Reproduce the listing below word for word and exclude any picture.
Start of Records to process
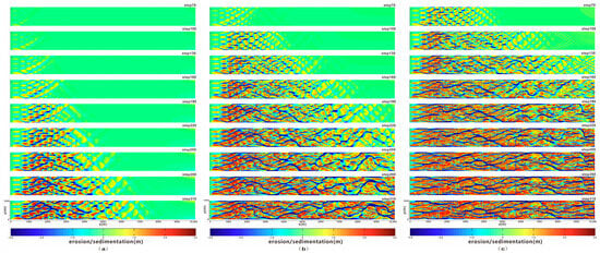 Evolution diagram of single-factor analysis of discharge: (a) discharge: 1300 m3/s; (b) discharge: 1500 m3/s; (c) discharge: 1880 m3/s.
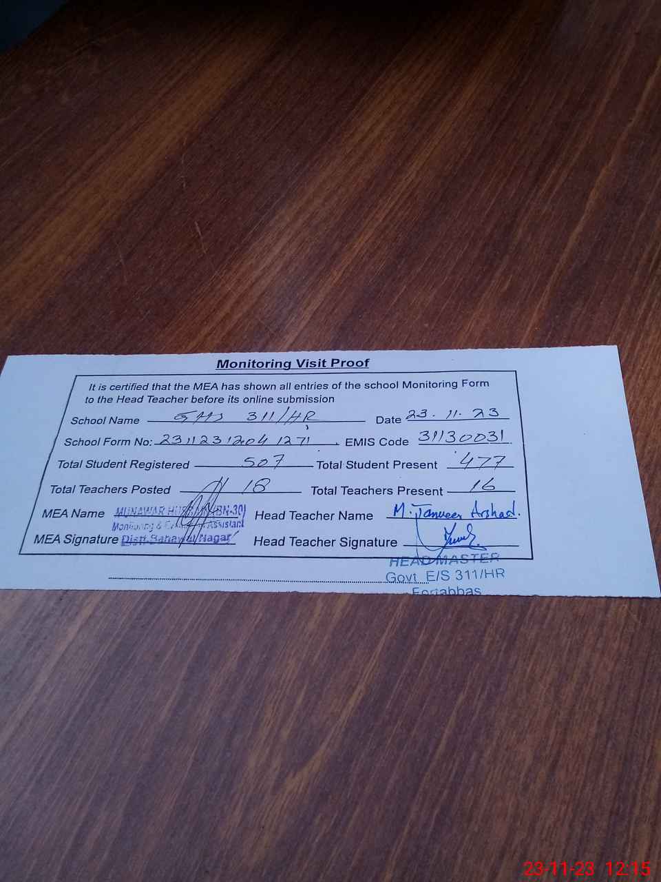 | Attendance Register | Head Teacher | MEA with School | Visit Proof |
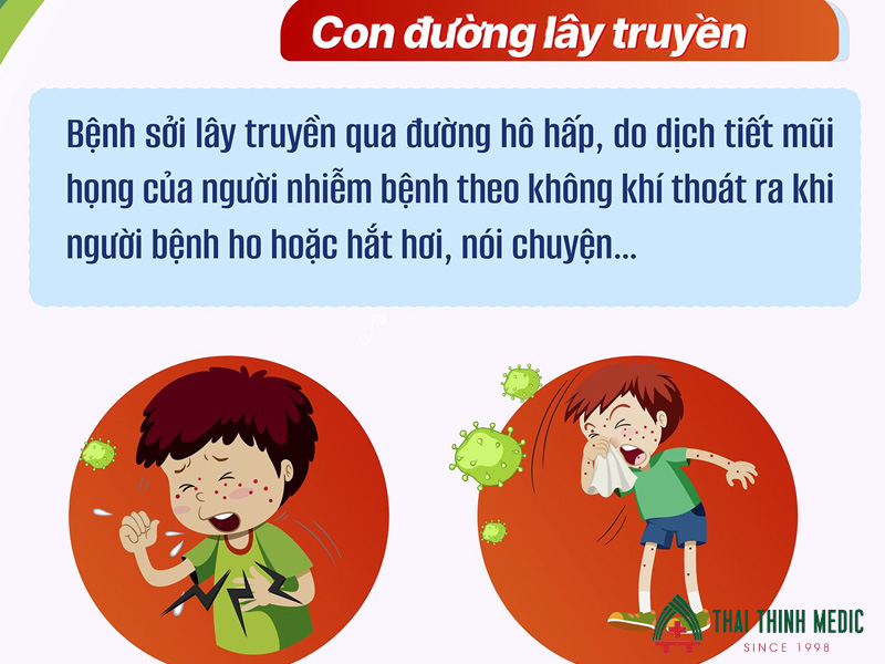 Sởi là bệnh truyền nhiễm cấp tính, lây rất mạnh qua đường hô hấp khi trẻ hít phải giọt bắn chứa virus. Nguy cơ lây truyền cao nhất trong giai đoạn 4 ngày trước và sau khi nổi ban. Trẻ chưa tiêm vaccine là đối tượng dễ mắc nhất.
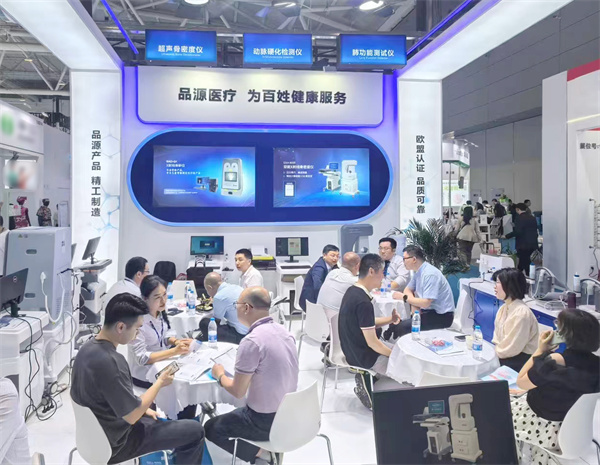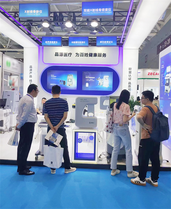 在這場醫療科技的盛宴中,品源醫療以其非凡的創新實力和精湛品質,成為了展會中的一顆璀璨明珠。此次展出的雙能X射線骨密度儀超聲骨密度檢測儀X射線骨齡儀動脈硬化檢測儀以及肺功能測試儀系列產品,憑借著檢測精準,人性化的設計理念以及舒適、便捷的檢測體驗,吸引了眾多國內外客商和專業人士的目光。
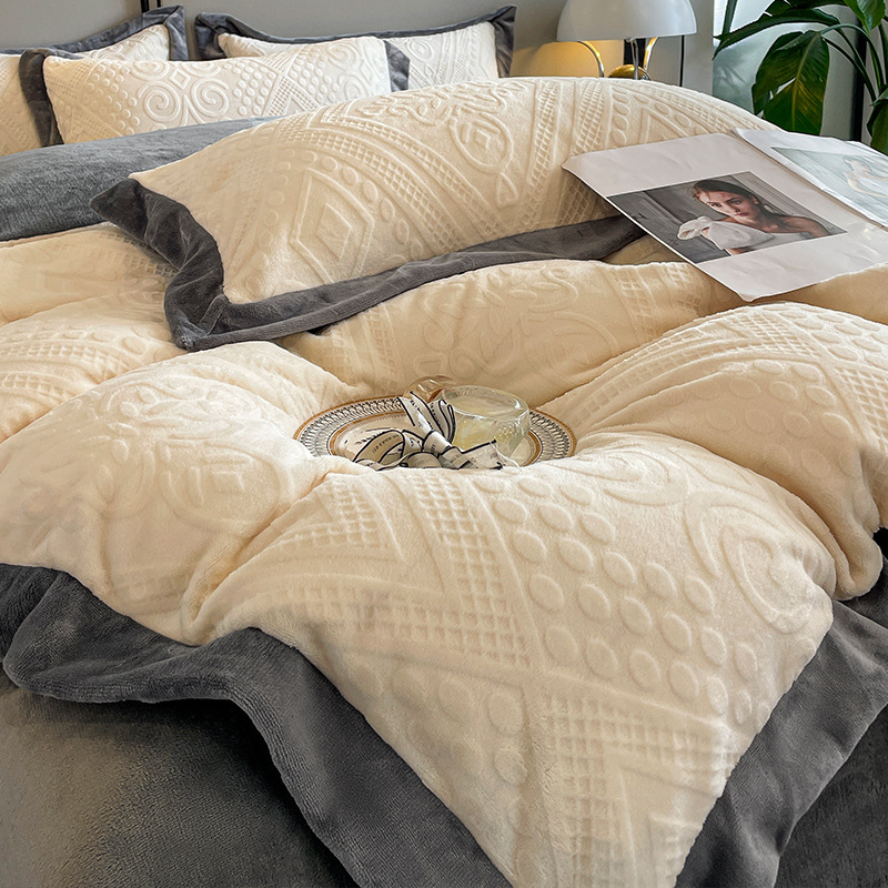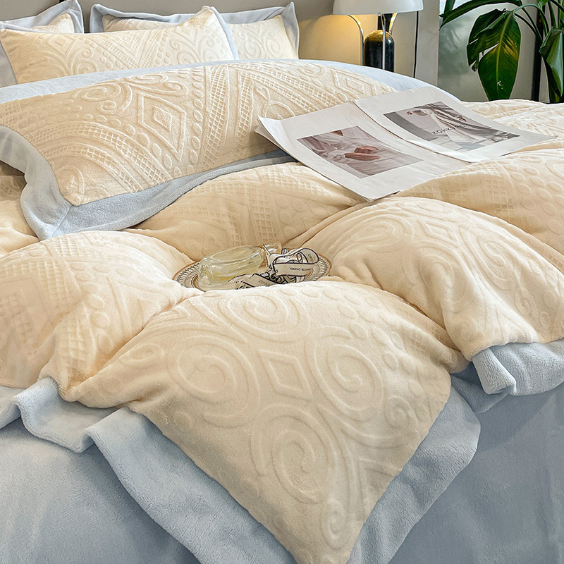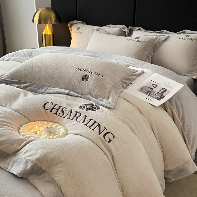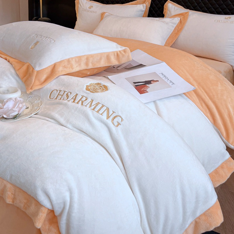 Главная страница > Легкий Роскошный вышитый молочный Бархатный комплект из четырех предметов, зимний утолщенный коралловый флис, фланелевая простыня, пододеяльник, комплект из трех предметов
End of Records to process
- **Exercise output**:
 Evolution diagram of single-factor analysis of discharge: (a) discharge: 1300 m3/s; (b) discharge: 1500 m3/s; (c) discharge: 1880 m3/s.
 | Attendance Register | Head Teacher | MEA with School | Visit Proof |
 Sởi là bệnh truyền nhiễm cấp tính, lây rất mạnh qua đường hô hấp khi trẻ hít phải giọt bắn chứa virus. Nguy cơ lây truyền cao nhất trong giai đoạn 4 ngày trước và sau khi nổi ban. Trẻ chưa tiêm vaccine là đối tượng dễ mắc nhất.
 在這場醫療科技的盛宴中,品源醫療以其非凡的創新實力和精湛品質,成為了展會中的一顆璀璨明珠。此次展出的雙能X射線骨密度儀超聲骨密度檢測儀X射線骨齡儀動脈硬化檢測儀以及肺功能測試儀系列產品,憑借著檢測精準,人性化的設計理念以及舒適、便捷的檢測體驗,吸引了眾多國內外客商和專業人士的目光。
 Главная страница > Легкий Роскошный вышитый молочный Бархатный комплект из четырех предметов, зимний утолщенный коралловый флис, фланелевая простыня, пододеяльник, комплект из трех предметов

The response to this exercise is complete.